Exact copies of the lines from the start of the records through the line with "第八届全国高校辅导员年度人物" are what the answer must hold; pictures are not part of it.

*** Dataset records ***

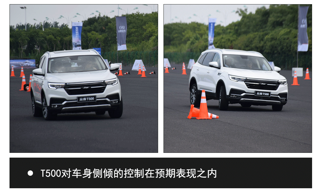 加速和刹车性能体验之后就是紧急变线和绕桩的性能体验。在紧急变线的项目中,教授以50公里时速向左猛打方向,T500虽有一定程度的侧倾和响胎,但并没有大到让人觉得想要翻车的感觉,符合此价位紧凑型SUV该有的表现。
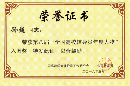 第八届全国高校辅导员年度人物评选入围结果展示:http://special.univs.cn/151229/index.shtml 孙巍老师事迹链接:http://special.univs.cn/news/2015fdy/rw5/2016/0412/1131409.shtml
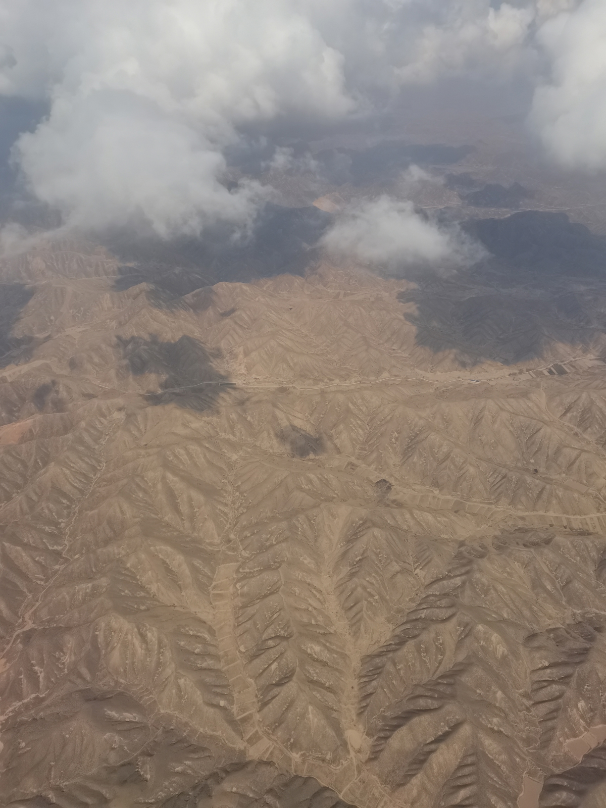 Our journey begins with a 9:20 AM flight from Xiangyang to Lanzhou. Through the airplane window, the landscape transforms dramatically—lush green Qinjling Mountains give way to the loess plateau's yellow-brown terrain. By the time we cross Xi'an, the earth below is a barren expanse of gullies and dried riverbeds. This is our preview: the next week will be dominated by yellow-brown earth tones.
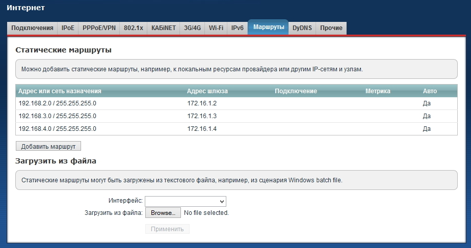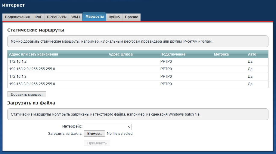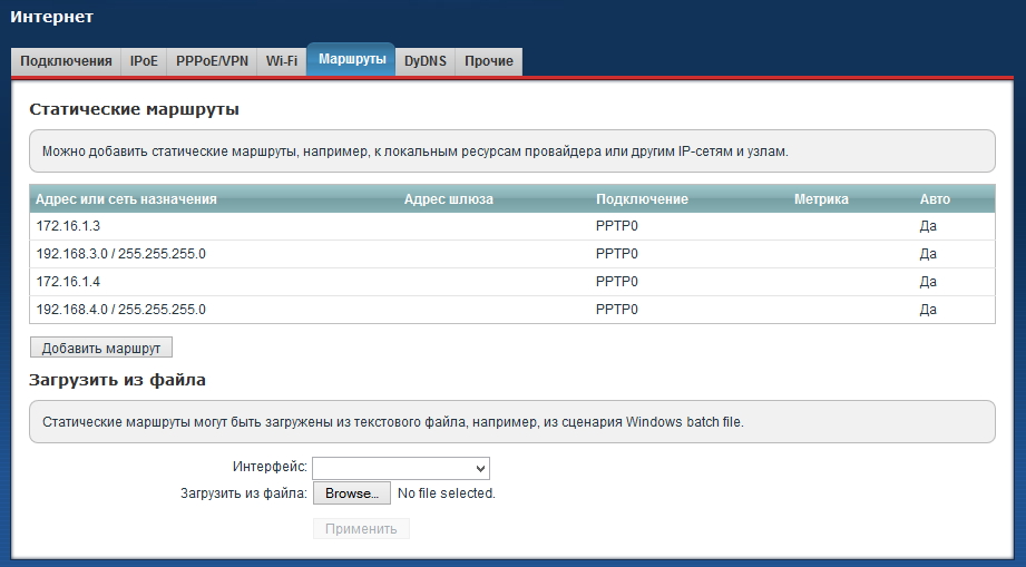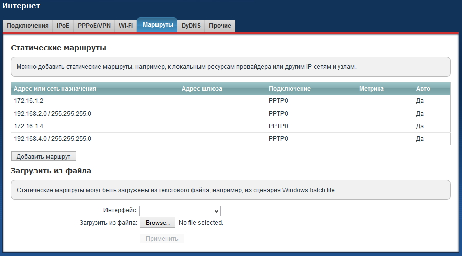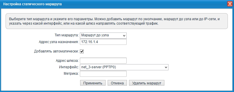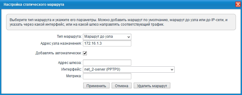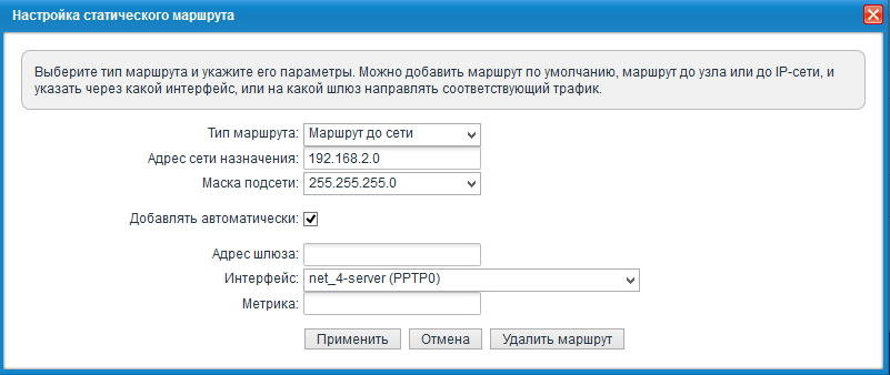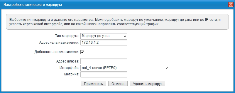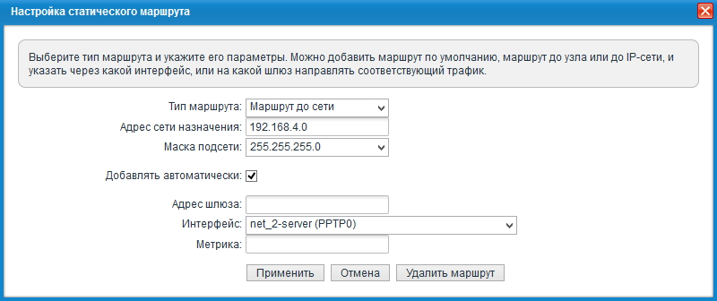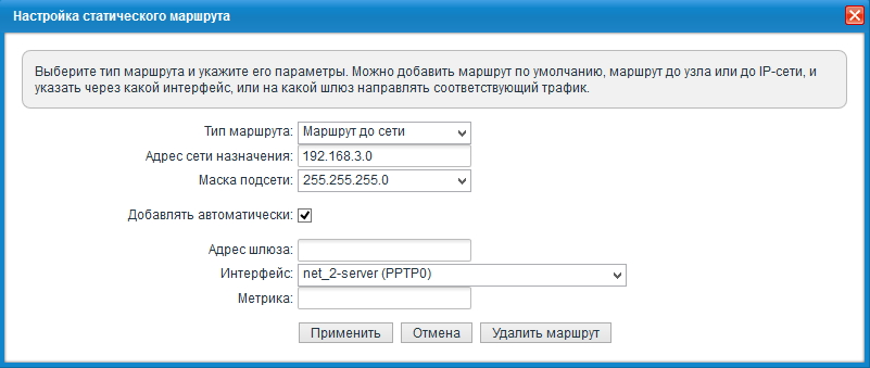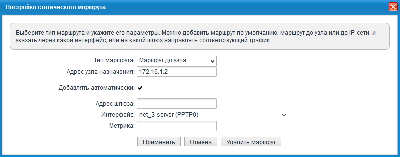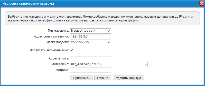 Статические маршруты на главном интернет-центре (с сервером VPN) будут включать следующие записи: для каждой из объединяемых сетей, кроме Домашней сети самого сервера, требуется в качестве адреса шлюза указать IP-адрес, выделенный соответствующему пользователю сервером VPN.
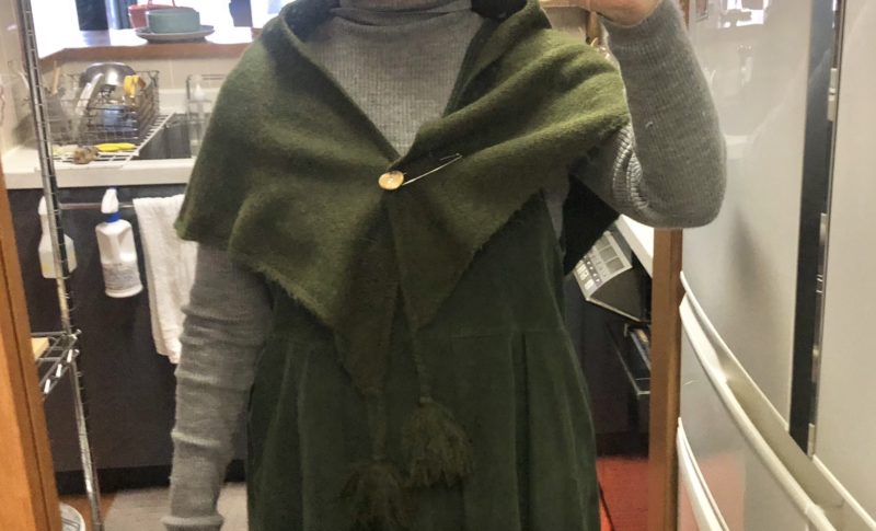 三角ショール。ぼんぼりが可愛いと思って。⤵

***

» Your solution:
 加速和刹车性能体验之后就是紧急变线和绕桩的性能体验。在紧急变线的项目中,教授以50公里时速向左猛打方向,T500虽有一定程度的侧倾和响胎,但并没有大到让人觉得想要翻车的感觉,符合此价位紧凑型SUV该有的表现。
 第八届全国高校辅导员年度人物评选入围结果展示:http://special.univs.cn/151229/index.shtml 孙巍老师事迹链接:http://special.univs.cn/news/2015fdy/rw5/2016/0412/1131409.shtml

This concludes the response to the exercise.